DOSA on Fillmore’s first round of small plates/bites on the Kerala Tasting Menu

Nico, FiDi (Jackson Square)

Longtime Laurel Heights modern French favorite, Nico, moved to Jackson Square this spring, now featuring a full bar and prix fixe lunch and dinner menus from gracious husband-wife team, chef Nicolas and Andrea Delaroque. The menu remains focused on  farmers market seasonality, where peas sing with grilled lettuces and smoked trout roe in a warm sabayon, or silky steelhead trout comforts in an anchovy-laced broth. Operating in a prix fixe-only format — except for a short bar menu — there are 2 ($32) and 3 ($38) course lunch menus and at night, 4 ($62) and 6-course ($82, available by end of summer) menus.

Robin, Hayes Valley

At Hayes Valley’s hip-chic Robin, sushi is set to hip hop, salmon pinks and greys and accompanied by Anna Nguyen’s thoughtful saké pairings. Chef Adam Tortosa has fun with omakase menus that incorporate pristine, non-traditional nigiri supplemented by A5 beef tartare or sesame noodles in shaved black truffles. Omakase menus range from $79-179 so set the price in that range, where for under $100, you can experience a sushi feast unlike any other.

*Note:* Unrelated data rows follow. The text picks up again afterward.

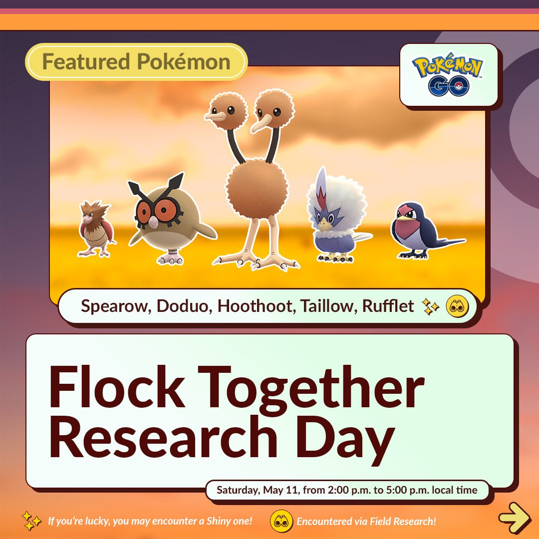 El sábado 11 de mayo, de 14:00 a 17:00 tendrá lugar el Día de Investigación en bandada en Pokémon GO.
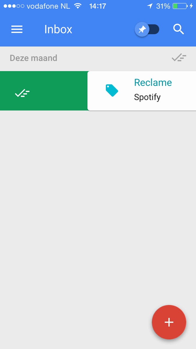 Nu komt het vervelendste klusje ... of juist het leukste. Je kunt e-mails per groep archiveren. Zorg wel dat je al je e-mail gelezen hebt voor je hieraan begint, misschien sleep je een belangrijk mailtje anders per ongeluk in een verkeerde groep en kun je hem niet meer terugvinden. Swipe een bericht of een groep berichten naar rechts om alles binnen die groep in de bijbehorende map te zetten. Zo verdwijnen in één klap alle updates van Facebook en Twitter onder Sociaal, en daarna alle berichten van je bank en de belastingdienst in Financieel.
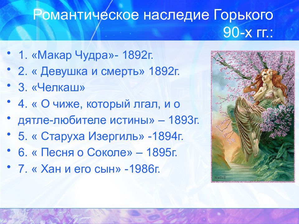 1. «Макар Чудра »- 1892г. 2. « Девушка и смерть» 1892г. 3. « Челкаш » 4. « О чиже, который лгал, и о дятле-любителе истины» – 1893г. 5. « Старуха Изергиль» -1894г. 6. « Песня о Соколе» – 1895г. 7. « Хан и его сын» -1986г.
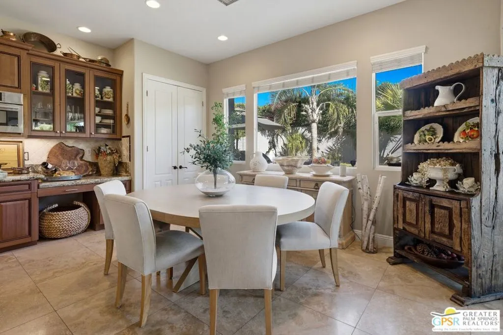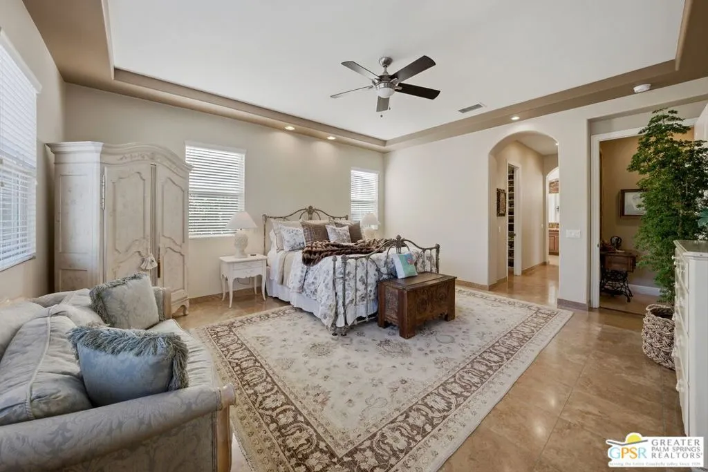 This spectacular executive residence is located within the prestigious gated enclave of Brenna at Capri and is sure to impress the most discerning person. Offered fully furnished with high-end designer pieces, this exceptional property sits on an expansive quarter-acre lot, showcasing a lushly landscaped backyard oasis with a private in-ground pool and spa in your own serene desert retreat. A covered patio perfectly captures the essence of indoor-outdoor living, ideal for entertaining or relaxing under the desert sky. Spanning over 3,200 square feet, the home features four generously sized bedrooms and four well-appointed baths. A welcoming foyer opens to a grand living space and an open-concept layout designed for both comfort and sophistication. The chef's kitchen is a true centerpiece, complete with granite countertops, a spacious sit-at island, breakfast nook, and premium appliances perfect for culinary enthusiasts. The primary suite is a luxurious sanctuary, offering a spa-inspired bath with a soaking jacuzzi tub, custom stone shower, dual vanities, and a large walk-in closet. Each additional bedroom is equally spacious and thoughtfully designed. A private detached casita off the courtyard provides an ideal space for guests, featuring its own bedroom and sitting area, closet, and bath. A two car garage with ample storage, and with direct access into the main house completes the package. Conveniently located near parks, top-rated schools, shopping, and I-10 Freeway access, this home seamlessly blends luxury, comfort, and prime location.
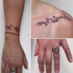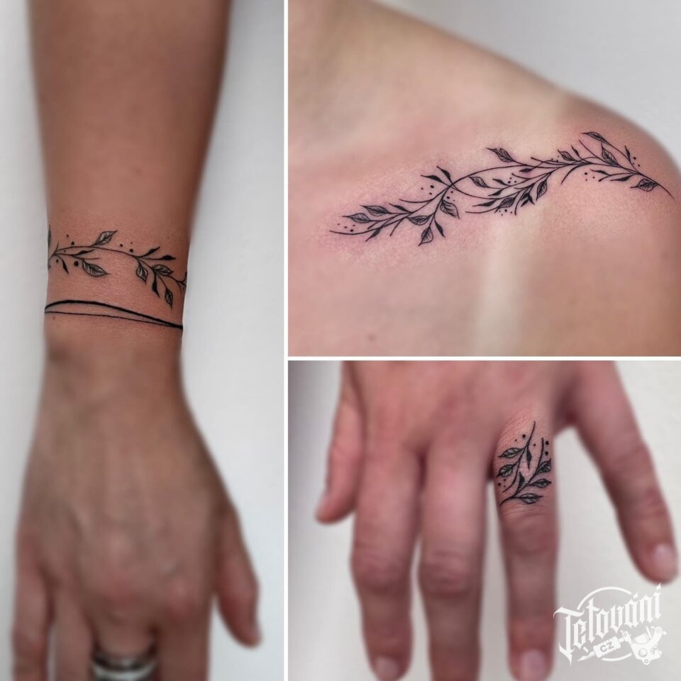 Tetování větvička pod klíční kost, zapěstí a prst
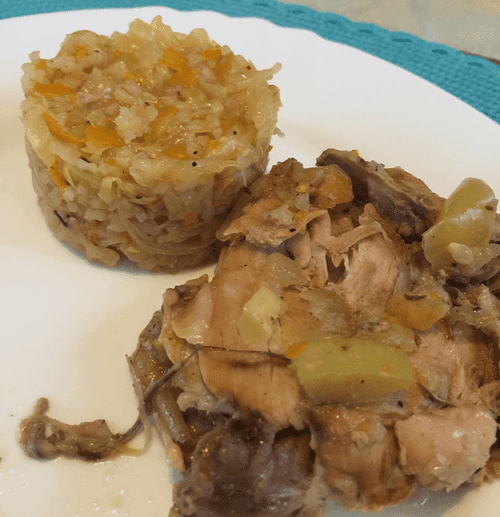Промываем тем временем полстакана риса. Когда капуста дойдёт – добавляем рис и хорошо перемешиваем. Накрываем крышкой и продолжаем тушить. Если нужно – добавляем воды, чтоб не было сухо и не сгорело. Когда от сварится – дел в шляпе! Можем кормить, дав постоять минут 15.
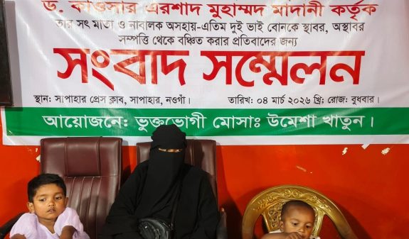 সাপাহারে সম্পত্তি থেকে সৎ মা ও নাবালক শিশুদের বঞ্চিত করার প্রতিবাদে সংবাদ সম্মেলন
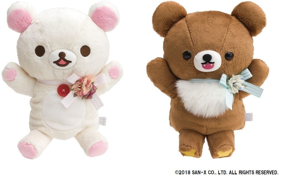 胸に花飾りをつけた、コリラックマとチャイロイコグマのパペット。
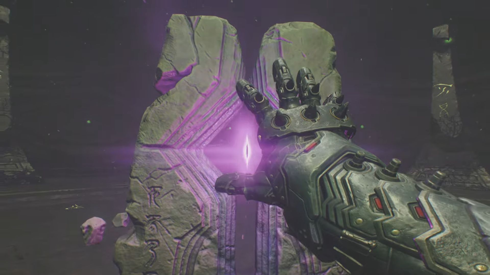 之后,您将在块的侧面看到一个绿色圆圈。这意味着您可以对其进行屏蔽充电。准确地做到这一点,方块就会滑向圆柱形结构,这样你就可以轻松地攀爬它。然后继续跟随任务标记,直到到达另一个发出紫光的石头结构。与它互动将带你直接到达下一个区域,恶魔会在那里伏击你。
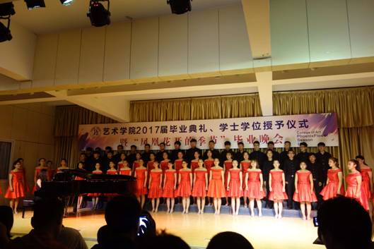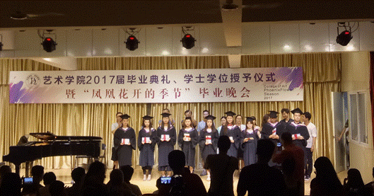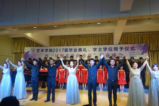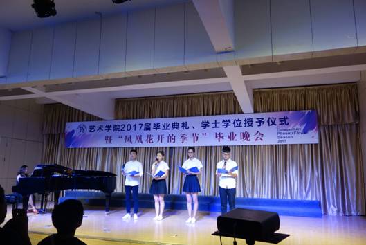 院员工会干部原创的诗朗诵《凤凰花开的路口》,勾起了2017届毕业生对四年生活的回忆,四年前,大家相遇相知,温暖胸膛、怀揣梦想;四年里,大家共同努力,激越青春、欢乐成长;四年后,即将天各一方,各自打造梦想的天堂,不要让泪水打湿容颜,火热激情即将绽放当晚,让我们的心于空中翱翔,在青春的蓬勃下生长,在岁月流光中温暖启航。
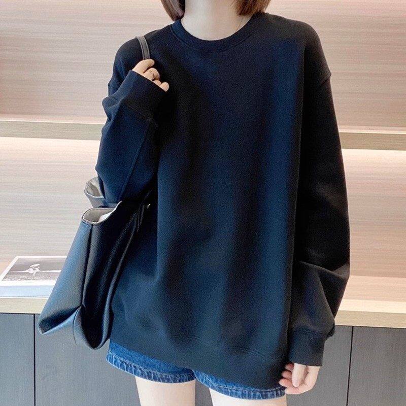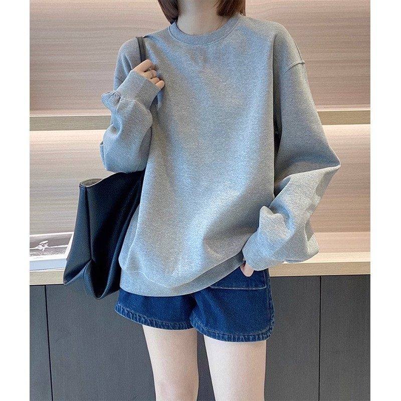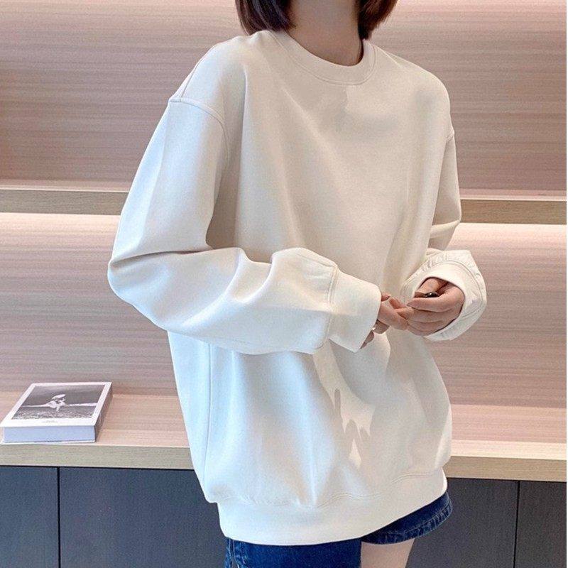 白色长袖纯棉休闲 上衣女2025春秋冬新款慵懒风宽松中长版休闲 打
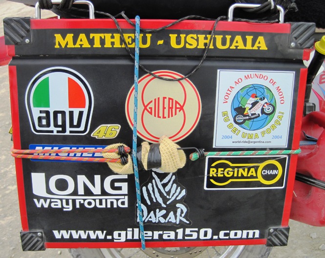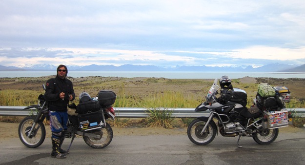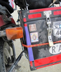 Pablo discovered that the ripio the day before had split his pannier, breaking the rivets and the spot welds that held it together… He use a strip of duct tape and a few bungi cords to hold the ensemble together until we got to Calafate…
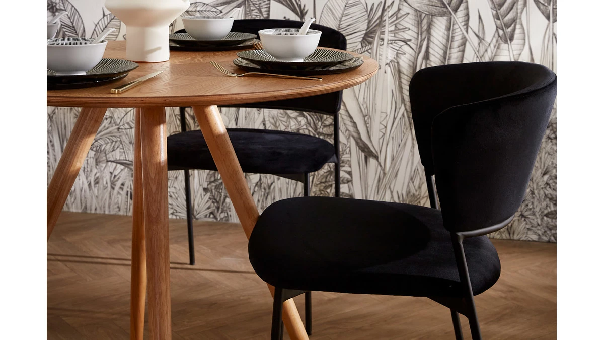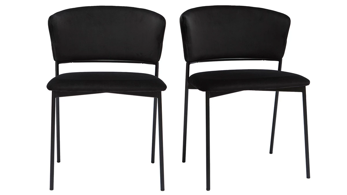 Leur structure en métal dessine une silhouette fine et délicate. D’une grande légèreté visuelle, ces chaises design habillent la table à manger avec élégance. Dossier et assise sont revêtus d’un magnifique velours noir. Ce tissu au rendu chic par excellence s’invite à votre table pour lui redonner toute sa noblesse. L’élégance intemporelle de ces chaises en tissu noir trouve sa place dans tous les intérieurs. Les salles à manger modernes comme les tables vintage ont trouvé leur perle rare.
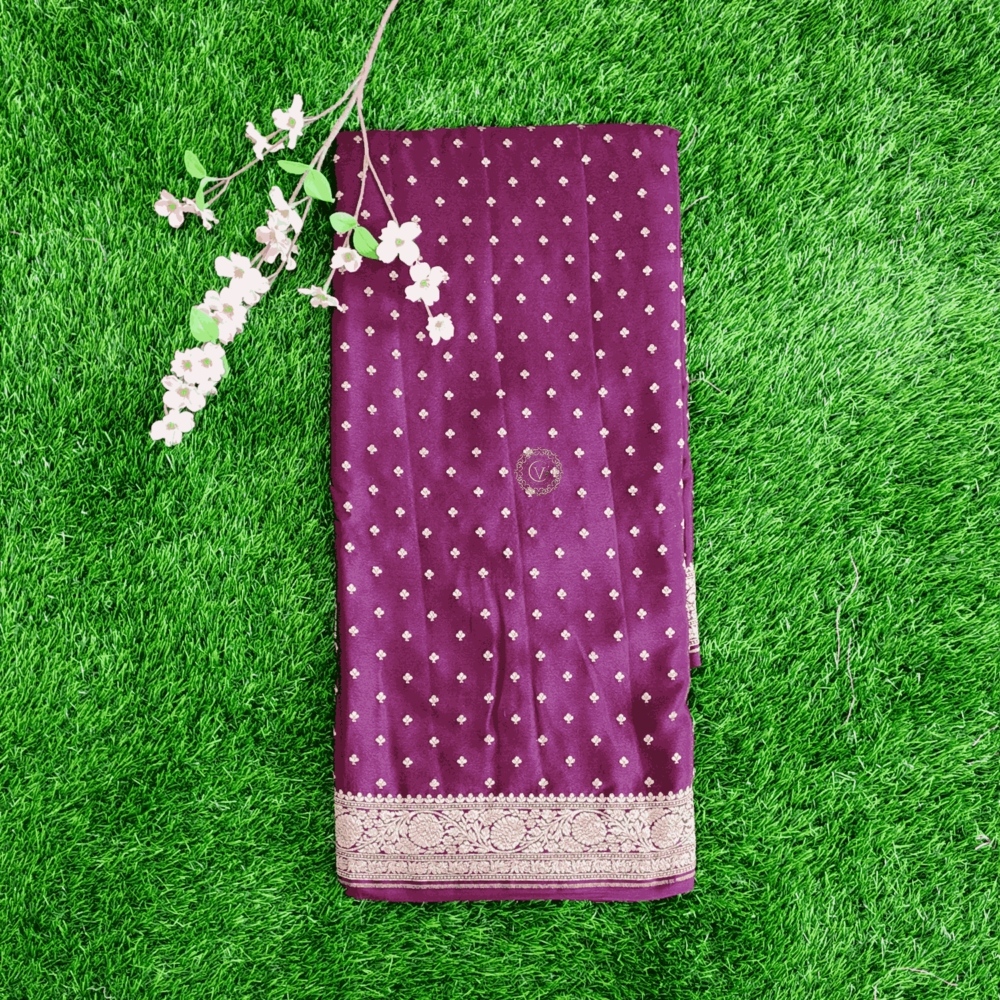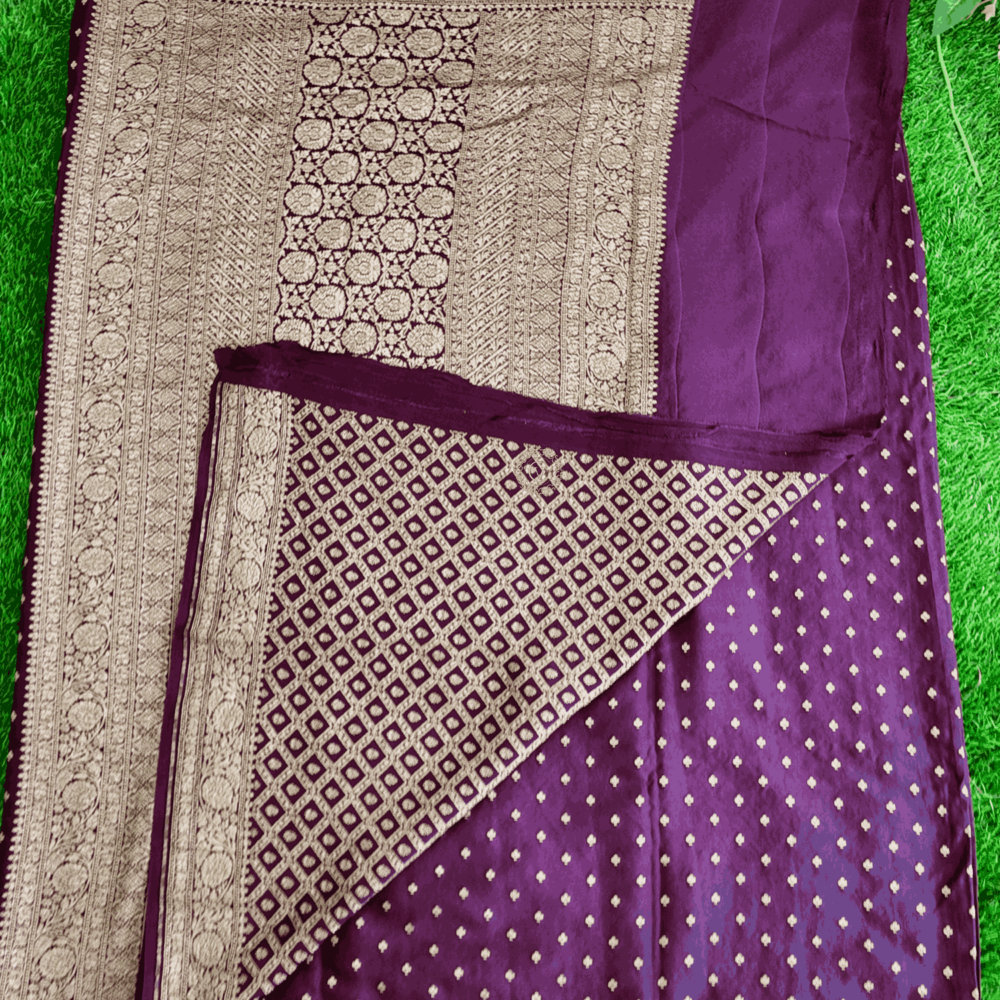 Design : Butta Pattern Pure Benars Silk Saree Self Brown Colour
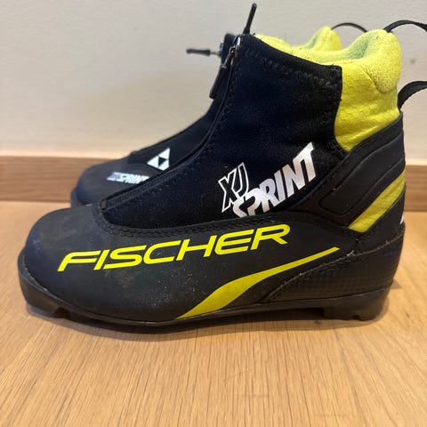 Fischer XJ sprint langrennsko i svart og gul farge med glidelås.
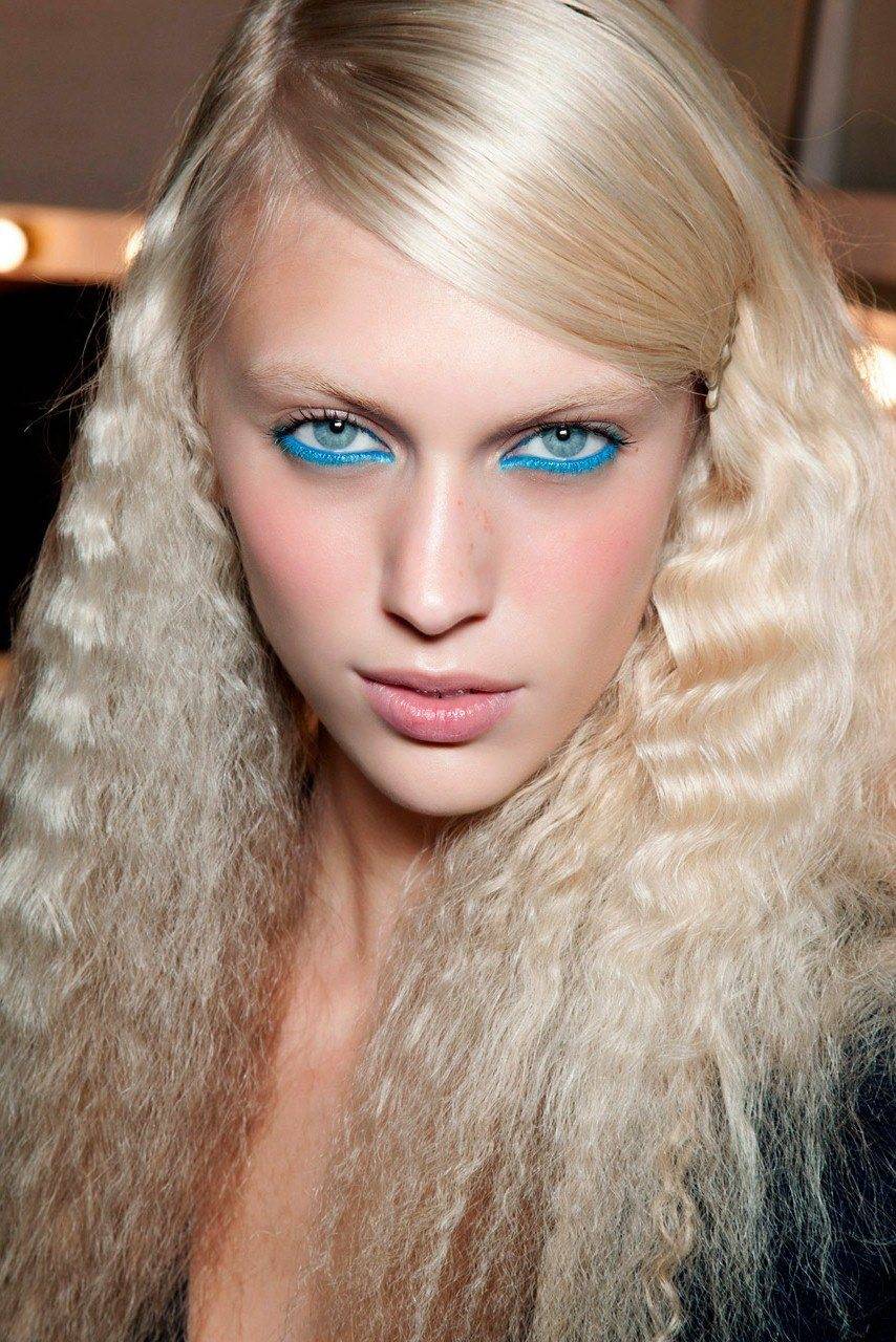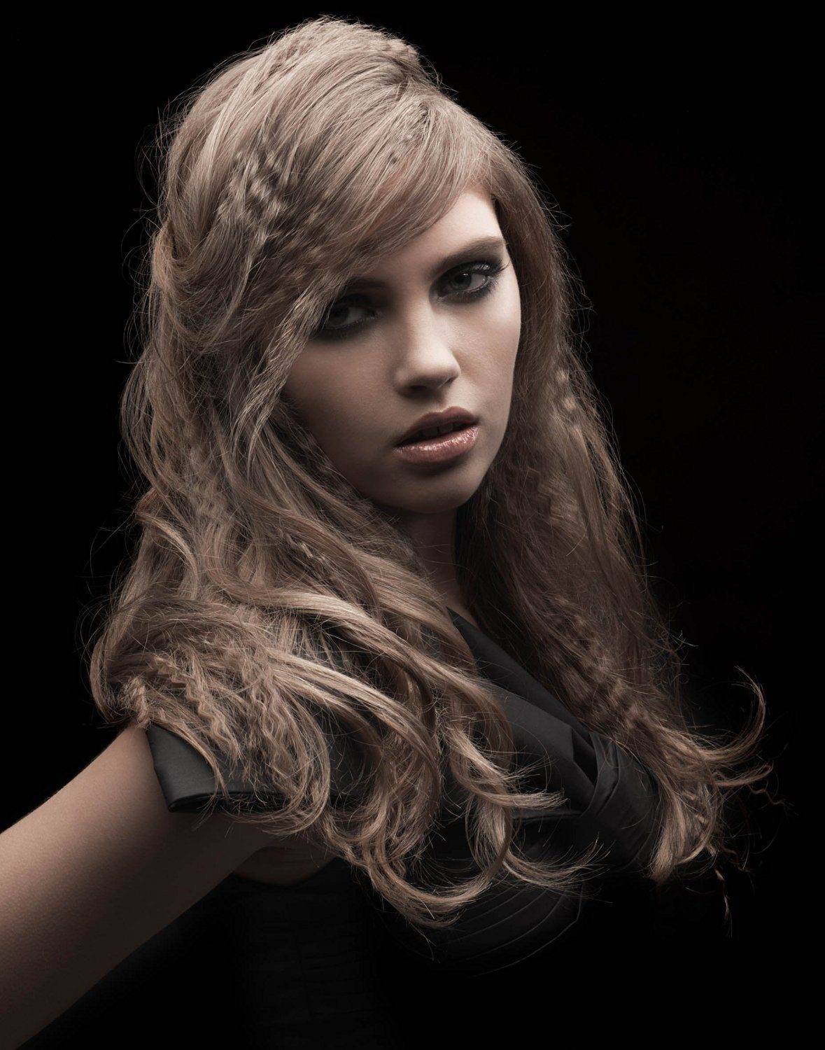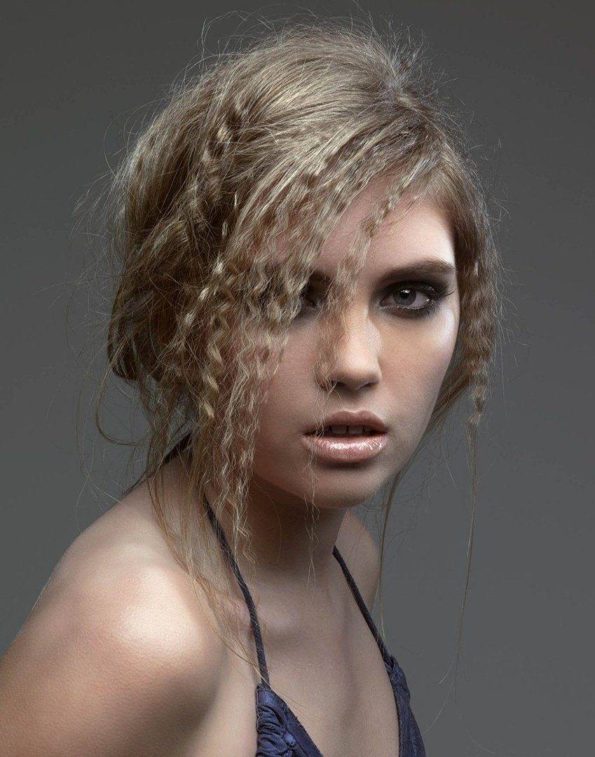 10. Видимая небрежность. Слегка или сильно подвиваем пряди плойкой, затем поднимаем их у корней диффузором. Поправляем пальцами, челку укладываем набок или назад.

Francisca’s SF spot prawn and first course bites

Merchant Roots, Lower Pacific Heights

Merchant Roots is a fantastic neighborhood cafe that opened this May serving daily handmade pastas, sandwiches and pastries but also quality, fresh pastas and sauces to take home and cook. Their chef’s table launches this summer, an intimate, 8-seat only table that takes over the cafe after-hours. While some menus will be over $100 per person, they have $98 menus in the mix as well. Look for smart, playful themes around literary, historic and culture themes, as well as an upcoming $98 “Colors” menu where each course represents a color, like blue as oyster, butterfly pea flower and fennel bigoli pasta or yellow glowing in a salad of bartlett pears, delicata squash and curry yogurt.

Rich Table, Hayes Valley

The “catch”? Rich Table’s family-style tasting menu is only for groups of 7 or more and you must reserve ahead. But it’s well worth it when you’re in the hands of one of SF’s most talented chef duos, Evan and Sarah Rich, in a Michelin-starred restaurant that has remained one of our best since opening in 2012. When it comes down to having to decide between their game-changing bites (those porcini doughnuts, aged beef wontons), Evan’s stellar, imaginative pastas (like cacio e pepe-style tonnarelli noodles in sea urchin Idiazabel cream sauce) or Sarah’s exquisite desserts (like coconut shave ice over lime sherbet with toasted coconut), you don’t have choose. You can have it all.

Parigo, Marina

With an invitingly cozy back patio (an ideal space for their Tiki bar pop-up Friday and Saturday nights), Parigo is a Marina wine bar offering good food, open mid-2017 from the owners of the Financial District’s The Barrel Room. It’s quite a deal at three courses with wine pairings for $65. Chef Manny Hewitt serves the likes of yellowfin tuna crudo accented in lemon garlic aioli, while wine director Sarah Trubnick’s passion for wine means you have not one but two suggested pairings for each dish, with flights and half glasses as an option to maximize wine exploration.